• [Exercise input]:
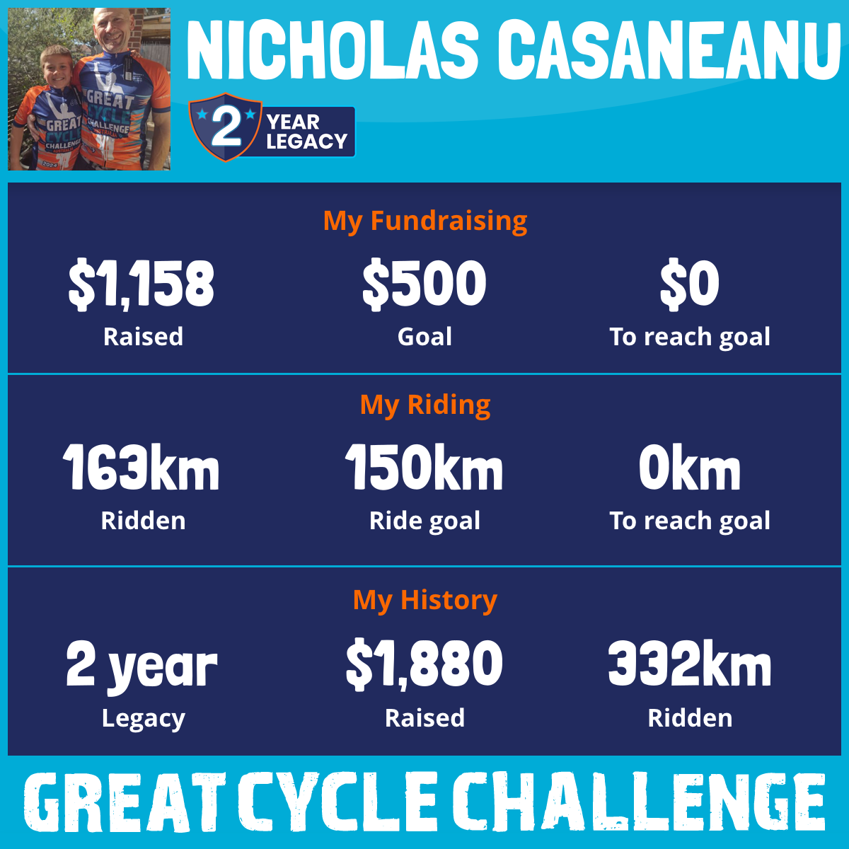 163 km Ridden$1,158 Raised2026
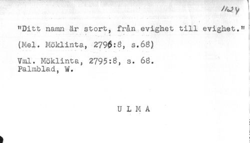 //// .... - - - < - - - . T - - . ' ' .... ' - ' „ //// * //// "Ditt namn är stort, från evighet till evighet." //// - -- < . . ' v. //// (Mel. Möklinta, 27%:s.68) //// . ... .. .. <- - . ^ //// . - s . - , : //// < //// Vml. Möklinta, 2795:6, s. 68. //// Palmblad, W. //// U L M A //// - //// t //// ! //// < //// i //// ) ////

---

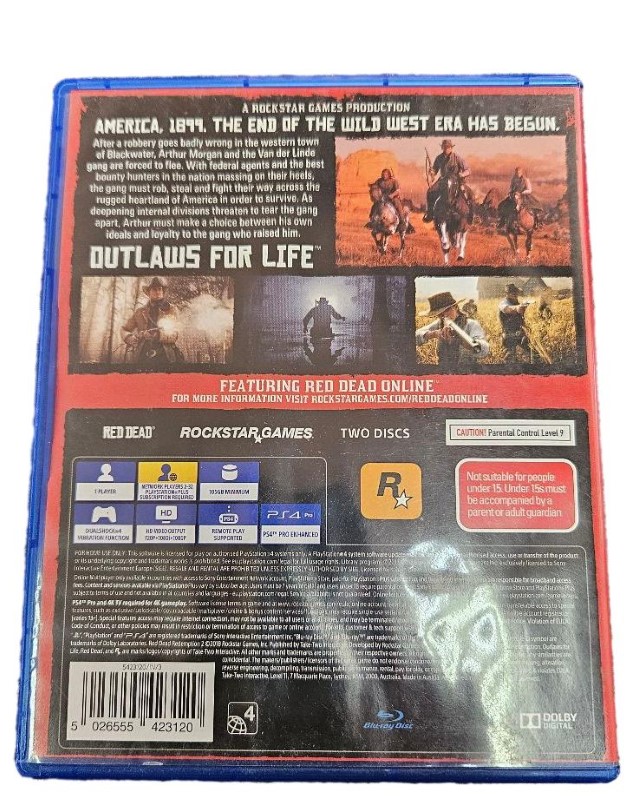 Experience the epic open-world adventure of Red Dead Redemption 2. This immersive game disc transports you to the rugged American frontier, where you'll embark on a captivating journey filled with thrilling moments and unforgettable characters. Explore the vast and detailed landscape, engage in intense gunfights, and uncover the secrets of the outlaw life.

---

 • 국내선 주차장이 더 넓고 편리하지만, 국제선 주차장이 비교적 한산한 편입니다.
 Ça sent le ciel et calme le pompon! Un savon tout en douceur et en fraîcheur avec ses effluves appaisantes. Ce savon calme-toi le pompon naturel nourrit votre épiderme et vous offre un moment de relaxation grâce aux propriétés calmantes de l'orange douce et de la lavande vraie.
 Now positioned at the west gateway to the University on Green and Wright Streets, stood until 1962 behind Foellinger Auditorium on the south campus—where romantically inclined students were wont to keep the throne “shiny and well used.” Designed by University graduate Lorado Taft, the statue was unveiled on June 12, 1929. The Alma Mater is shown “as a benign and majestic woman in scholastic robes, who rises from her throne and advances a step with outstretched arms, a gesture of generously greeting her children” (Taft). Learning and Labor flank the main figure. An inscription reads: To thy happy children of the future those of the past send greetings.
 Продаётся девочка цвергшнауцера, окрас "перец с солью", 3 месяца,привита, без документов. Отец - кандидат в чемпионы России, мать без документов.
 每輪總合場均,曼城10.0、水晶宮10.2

• [About this exercise]:
Within the entries above, the lines from the one containing "163 km Ridden$1,158 Raised2026" through the one containing "är stort, från" are to be transcribed exactly, ends included, pictures excluded.

• [Answer]:
 163 km Ridden$1,158 Raised2026
 //// .... - - - < - - - . T - - . ' ' .... ' - ' „ //// * //// "Ditt namn är stort, från evighet till evighet." //// - -- < . . ' v. //// (Mel. Möklinta, 27%:s.68) //// . ... .. .. <- - . ^ //// . - s . - , : //// < //// Vml. Möklinta, 2795:6, s. 68. //// Palmblad, W. //// U L M A //// - //// t //// ! //// < //// i //// ) ////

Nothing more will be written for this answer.